To understand memory as an open, flexible, non-hierarchical process—one that is constantly willing to rewrite its beginnings and endings; to be studied, remade, and strained by new hypotheses. Within this framework, through smoke, image, and object, a process of construction, reconstruction, and deconstruction of memory is set in motion, paralleling material decay. This open archive dissolves the possibility of a rigid memory, instead embracing one that emerges through wear, residue, and fragility.

This intersection between smoke and what has been discarded is tied to the territory where this project is situated: Traytrayko, Nueva Imperial, in Gulumapu. There, smoke is part of the everyday landscape, a result of wood-burning heating used to endure the cold and rain. In this context, smoke is not merely a byproduct but a living substance that inhabits, traverses, and transforms the territory. At the same time, these very climatic conditions—cold and humidity—are responsible for the deterioration of these object-remnants.

I was interested in developing, through printmaking, a technique as fragile as smoke itself, where the image could fade at the slightest touch. The images I engrave onto these object-remnants come from my personal and family archive. They depict my father, my mother, my grandmothers, friends, myself as a child, and the places that have shaped my daily life—both in Nueva Imperial and now in Santiago, Chile. I sought to place these images under tension by making them interact with even more unstable surfaces: boards in the process of rotting, a broken mattress, rusted parts of wood-burning stoves. In that contact, all elements intensified one another’s decay.

Thus, beyond the material possibility of preserving an image, what endures is the action: the gesture of attempting to fix it.
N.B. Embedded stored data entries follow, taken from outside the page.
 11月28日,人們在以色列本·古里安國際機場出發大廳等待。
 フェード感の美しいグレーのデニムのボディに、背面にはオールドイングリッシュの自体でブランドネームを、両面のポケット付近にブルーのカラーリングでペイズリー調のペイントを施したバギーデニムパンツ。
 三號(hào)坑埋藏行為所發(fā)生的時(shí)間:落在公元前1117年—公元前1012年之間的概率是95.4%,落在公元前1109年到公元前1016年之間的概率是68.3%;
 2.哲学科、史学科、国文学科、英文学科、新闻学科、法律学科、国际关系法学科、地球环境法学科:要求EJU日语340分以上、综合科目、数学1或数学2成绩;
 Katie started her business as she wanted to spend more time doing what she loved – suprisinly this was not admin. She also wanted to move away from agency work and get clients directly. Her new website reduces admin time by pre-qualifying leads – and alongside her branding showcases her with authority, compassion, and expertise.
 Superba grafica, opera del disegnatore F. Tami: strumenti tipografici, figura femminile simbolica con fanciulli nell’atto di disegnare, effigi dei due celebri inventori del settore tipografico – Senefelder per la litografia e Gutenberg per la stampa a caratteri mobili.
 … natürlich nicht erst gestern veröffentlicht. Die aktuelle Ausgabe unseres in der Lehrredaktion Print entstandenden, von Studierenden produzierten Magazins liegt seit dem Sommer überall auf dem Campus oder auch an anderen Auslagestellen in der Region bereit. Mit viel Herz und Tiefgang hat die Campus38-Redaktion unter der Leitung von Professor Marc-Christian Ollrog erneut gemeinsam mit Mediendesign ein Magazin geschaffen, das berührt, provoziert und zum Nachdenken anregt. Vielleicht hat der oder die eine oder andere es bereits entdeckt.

Memory does not reside in the object, but in the persistence of that gesture, and the object becomes merely an evocation, a trace of that will. For this reason, the images are unique; there is no serial production nor polished finish. Some are barely discernible—and this is precisely because they do not seek to represent, but to embody. They are traces of a will to make presence, rather than images meant simply to be seen.
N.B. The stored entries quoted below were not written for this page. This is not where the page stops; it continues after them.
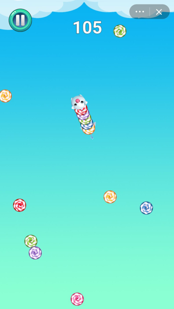 可爱小萌猪是一款有意思的消除类手游,这里有一只飞天小猪,你要控制小猪猪的飞行方向,让它收集天空中美味的糖果,让小猪的身后连成一条彩虹糖果尾巴,收集的糖果越多,你的得分就越高。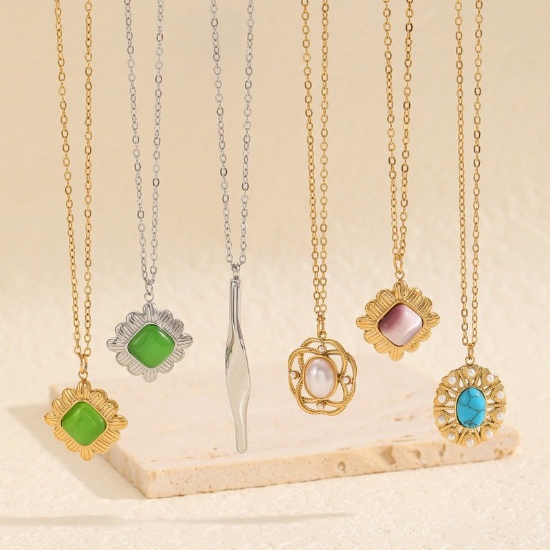 18K gold/silver plated titanium steel necklace with a vintage floral pendant and luminous purple cat’s eye stone. Hypoallergenic, tarnish-resistant, and available in two colors—perfect for elegant retro styling and wholesale.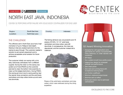 Simulations run by Centek using their propriety Latload software showed that the S2 provided the required standoff and better flow by area compared to the solid body centralizers. Using the correct type of centralizer, the Centek single piece, bow spring, the customer achieved a good cement job, with no failures.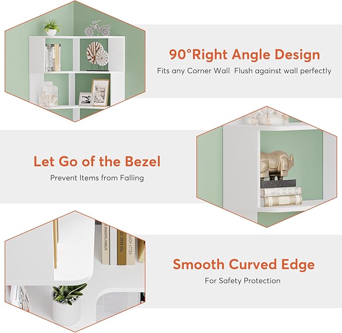 Corner Bookshelf, 64.9 Inch Tall Bookcase with Anti-Drop Panel, Modern Freestanding Corner Shelf Display Rack Storage Organizer for Home Office, Living Room, White

This project pursues the question of a material memory capable of enduring insofar as it is enacted, practicing presence as a persistent act of will mobilized by affection. By recognizing memory as an unstable process, it presents a series of experiments engraved with smoke upon discarded matter to construct an intimate archive—one that invites us to consider that the possibility of remembrance lies in the gestures we create to confront the constant threat of forgetting.